[Dataset items]
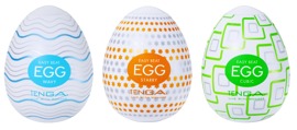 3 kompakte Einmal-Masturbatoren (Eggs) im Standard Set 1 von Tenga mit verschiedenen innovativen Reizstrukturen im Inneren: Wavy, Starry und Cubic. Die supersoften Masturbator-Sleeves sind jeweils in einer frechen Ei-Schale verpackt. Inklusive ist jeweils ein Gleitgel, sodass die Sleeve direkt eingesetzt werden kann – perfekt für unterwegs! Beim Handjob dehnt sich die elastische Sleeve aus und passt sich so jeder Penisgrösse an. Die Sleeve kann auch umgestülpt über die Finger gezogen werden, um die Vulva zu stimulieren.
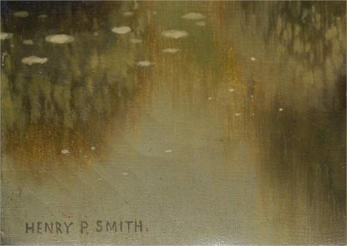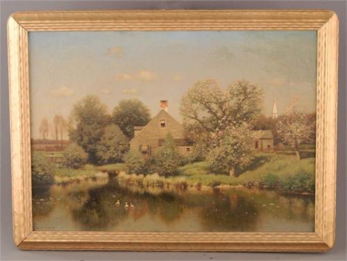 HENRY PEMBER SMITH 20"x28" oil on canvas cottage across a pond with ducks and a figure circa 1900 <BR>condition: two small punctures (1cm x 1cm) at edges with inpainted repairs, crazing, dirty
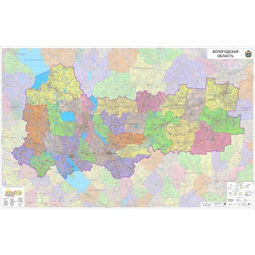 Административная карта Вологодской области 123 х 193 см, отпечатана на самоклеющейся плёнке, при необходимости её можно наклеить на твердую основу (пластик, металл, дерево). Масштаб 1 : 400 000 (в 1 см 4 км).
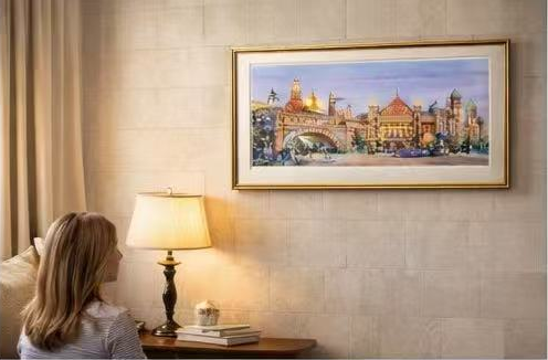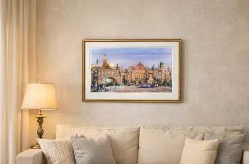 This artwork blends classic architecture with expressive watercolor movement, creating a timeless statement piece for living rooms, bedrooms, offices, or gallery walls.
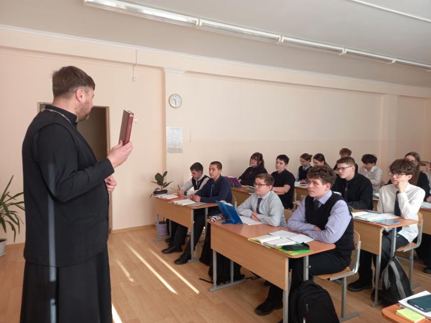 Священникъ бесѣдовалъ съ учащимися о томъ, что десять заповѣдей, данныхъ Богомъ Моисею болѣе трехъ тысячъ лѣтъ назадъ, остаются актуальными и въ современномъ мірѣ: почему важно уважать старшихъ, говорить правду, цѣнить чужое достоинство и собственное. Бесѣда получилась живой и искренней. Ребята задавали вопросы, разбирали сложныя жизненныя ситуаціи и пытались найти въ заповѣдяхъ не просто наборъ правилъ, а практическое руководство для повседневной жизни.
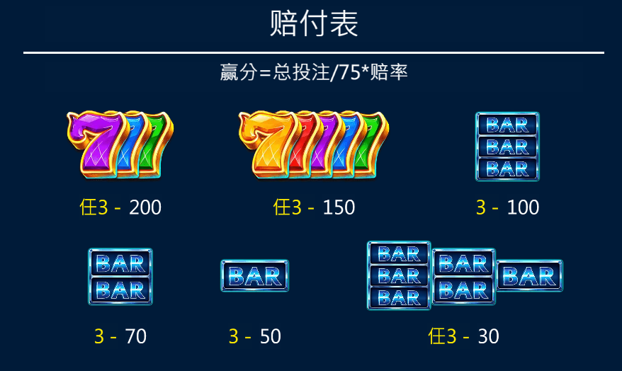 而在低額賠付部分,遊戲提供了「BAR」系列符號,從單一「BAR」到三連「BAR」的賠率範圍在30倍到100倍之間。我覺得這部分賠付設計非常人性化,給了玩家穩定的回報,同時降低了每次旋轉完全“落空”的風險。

» WHAT YOU HAVE TO DO
Starting at the line above that holds "HENRY PEMBER SMITH", repeat every line exactly down to and including the line that holds "This artwork blends", then stop. Do not carry over any pictures.

» SOLUTION TO THE EXERCISE
 HENRY PEMBER SMITH 20"x28" oil on canvas cottage across a pond with ducks and a figure circa 1900 <BR>condition: two small punctures (1cm x 1cm) at edges with inpainted repairs, crazing, dirty
 Административная карта Вологодской области 123 х 193 см, отпечатана на самоклеющейся плёнке, при необходимости её можно наклеить на твердую основу (пластик, металл, дерево). Масштаб 1 : 400 000 (в 1 см 4 км).
 This artwork blends classic architecture with expressive watercolor movement, creating a timeless statement piece for living rooms, bedrooms, offices, or gallery walls.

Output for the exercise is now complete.